Certainly this is a strong case for robust specifications — or at least understanding what you’re getting into before you get into it. But it also demonstrates that lack of early information cost us dearly when the information did come along later. We hadn’t made time for UAT, which is why we delivered the final product later than planned. Fortunately for everyone there was no externally-driven deadline. If there had been then we’d have been obliged to deliver something which the client wasn’t happy with.

5. When the inputs to the software are difficult to specify

MediaGuardian.co.ukFinally an example that brings us right to the present.

The current work to refresh the Guardian Unlimited website is much more than applying a lick of paint. We’re also producing new tools for our reporters and new ways they can tell their stories. But telling a news story is not simply a matter of filling in a few boxes and clicking Save. To make a story relevant requires a lot of hard training. To edit an entire news section additionally needs an awful lot of experience and good intuition…

As I write, MediaGuardian.co.uk is leading with three big stories and a podcast, plus some smaller items headed “More media news”. The stories have between three and six sublinks which indicates the depth of related news that the editor has available. Yet at the same time the Technology section is showcasing six stories, all with a bit of blurb, but only one of which has sublinks (to a video and a gallery). In both cases the editors are using the same system, but the page layout has to balance itself out regardless of the highly variable input.

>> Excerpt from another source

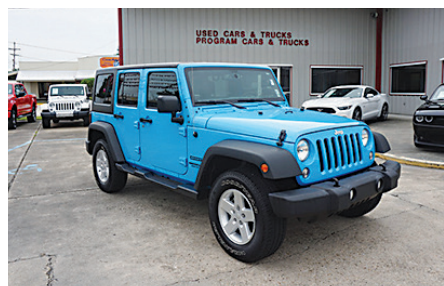
2017 Jeep Wrangler Unlimited Sport 4WD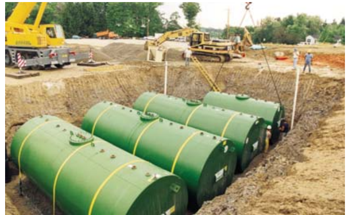
Compatible with a wide range of fuels and chemicals, including biodiesel and ethanol

PROTECT THE ENVIRONMENT. BUY RECYCLABLE STEEL TANKS.

But though the input is highly variable it is not without bounds. A section would never be showing just one story, and an editor would almost certainly not try to highlight twenty stories and claim they had largely equal weight. The only way to really know the bounds in which the system is supposed to reasonably work is to sit an editor down with the tools and let them lay out pages in response to a real day’s stories. No amount of requirements analysis and QA experience can substitute for a real journalist responding to a real day’s events.

And that’s the beginning…

No mechanism should be applied blindly; there are times when user acceptance testing is more appropriate, and times when it is less appropriate. The important thing is to be aware first that UAT exists, and second that there are criteria which you can apply to assess how valuable it can be.